Resource Impact Start Time Impact End Time Impact Duration (Timespan)
aks-core-17988763-vmss_2 2024-02-22 08:59:04 UTC 2024-02-22 08:59:08 UTC 00:00:03.3140000
Root Cause: Azure performs updates to improve reliability, performance, and security of the VMs. Azure chooses the least impactful method, which might result in a brief connectivity loss. We are continuously working to improve and reduce impact of our updates, and we apologize for any inconvenience this may have caused you.
Mitigation: The update was completed however they might be some interruptions that requires you to reboot the system.
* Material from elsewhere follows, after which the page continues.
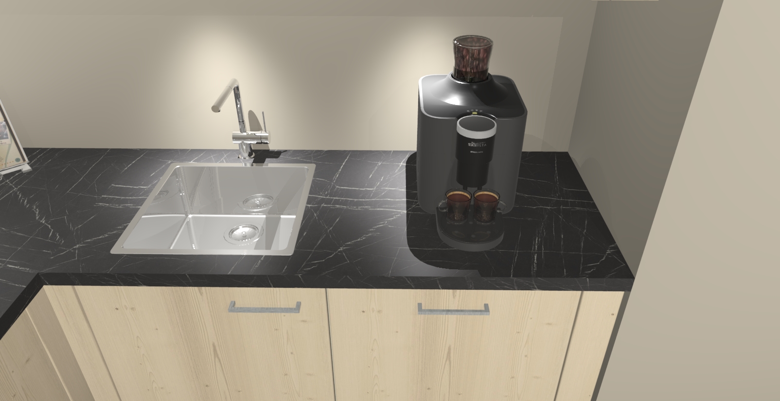 - De spoelbak is nog niet in gevreesd. Dit dient tijdens het werk gedaan te worden

===================================================================================
Apologies for any misunderstanding, we needed the confirmation from you. Upon, further investigation the reboots signature associated with the respective scale sets indicate that the reboot operation came from the node and not the user interaction. Hence the reason, we asked if the reboot operation was carried out by a user.
We apologize for the impact and how it has affected your environment. We are continuously taking steps to improve the Microsoft Azure Platform and our processes to help ensure such incidents do not occur in the future.
Please respond to this email to let me know if this provides enough clarification. Thank you for your continuous patience and cooperation. It is well appreciated!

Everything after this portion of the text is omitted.